In recent months, online alcohol recovery startups Monument and Tempest have been receiving criticism for sharing the personal information and health data of their patients without their consent. In a statement, Monument admitted that it had shared patient data with advertisers without consent for years, but claimed that this practice had ceased as of March 2018. Critics argue that this practice is invasive and unnecessary, and that patients should have the ability to choose whether or not their details are shared.
In the notification filed with California’s attorney general, Monument confirmed that a data breach occurred in 2022, involving the extensive release of patient information by their use of third-party tracking systems developed by ad giants including Facebook, Google, Microsoft and Pinterest. The company estimated that over 143 million patients were impacted by this breach and saw their personal information including Names, addresses, dates of birth and partial medical records released online. While no details on how this data was obtained have been released yet, it is likely that hackers gained access to these tracking systems through vulnerabilityscanning activities or social engineering techniques.
To help keep track of how website visitors are interacting with their websites, many companies use small snippets of code called “web trackers.” These trackers often collect information such as the pages a visitor visits, how long they spend on each page, and which ads they click. Recently, two major tech companies confirmed that they were using web trackers: Google and Facebook.

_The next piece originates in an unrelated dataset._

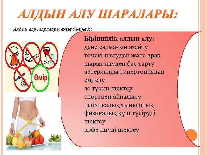 АЛДЫН АЛУ ШАРАЛАРЫ: Алдын алу шаралары екіге бөлінеді: Біріншілік алдын алу: дене салмағын азайту темекі шегуден және арақ шарап ішуден бас тарту артериалды гипертониядан емделу ас тұзын шектеу спортпен айналысу психикалық тыныштық физикалық күш түсіруді шектеу кофе ішуді шектеу

By sharing this information with these companies, website owners can understand which parts of their websites users find most interesting and useful. This allows them to improve the usability and design of their websites for future visitors.

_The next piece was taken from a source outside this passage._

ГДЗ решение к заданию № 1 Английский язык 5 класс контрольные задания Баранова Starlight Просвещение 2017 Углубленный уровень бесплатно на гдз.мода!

All this information is valuable to companies looking to target their advertising to specific patient populations. By gathering and analyzing this data, doctors can identify patterns in the way patients consume alcohol, which can help them better prescribe treatment plans. In addition, analyses of patient survey responses can give manufacturers insight into what people want when it comes to alcohol products.
The Monument website states that the survey results are “protected” and “used only” by the care team. However, upon examination of the website’s source code, it appears that these results may be accessible to anyone with access to Monument’s database. This raises ethical questions about how much information the care team is able to access and use without consent or explanation.

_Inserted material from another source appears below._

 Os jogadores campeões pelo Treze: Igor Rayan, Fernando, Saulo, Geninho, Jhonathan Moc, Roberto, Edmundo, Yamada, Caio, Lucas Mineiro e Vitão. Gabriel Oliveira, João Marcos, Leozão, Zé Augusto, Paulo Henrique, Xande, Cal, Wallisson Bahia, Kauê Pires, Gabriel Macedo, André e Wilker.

The tech companies Monument and Tempest confirmed that they had shared patients’ sensitive data with advertisers since January 2020 and November 2017, respectively. Both companies claim to have removed the tracking code from their websites, but the data is still available to be accessed by third-party advertisers. The tech giants are not obligated to delete the data that was shared with them, meaning patients’ personal information remains vulnerable to being collected and used by third parties.
Some experts are saying that Monument and Tempest could be two of the most important new companies entering the tech sphere in a long time. Both companies have innovative products that could change the way we work and learn, and their impact on the industry is still being determined.
In light of recent healthcare data breaches, companies are starting to disclose the inadvertent sharing of patient data with third-parties by way of tracking technologies. This leak of personal and health information raises concerns about how secure our information really is, and how susceptible we are to hackers who could potentially access this data without our knowledge or consent.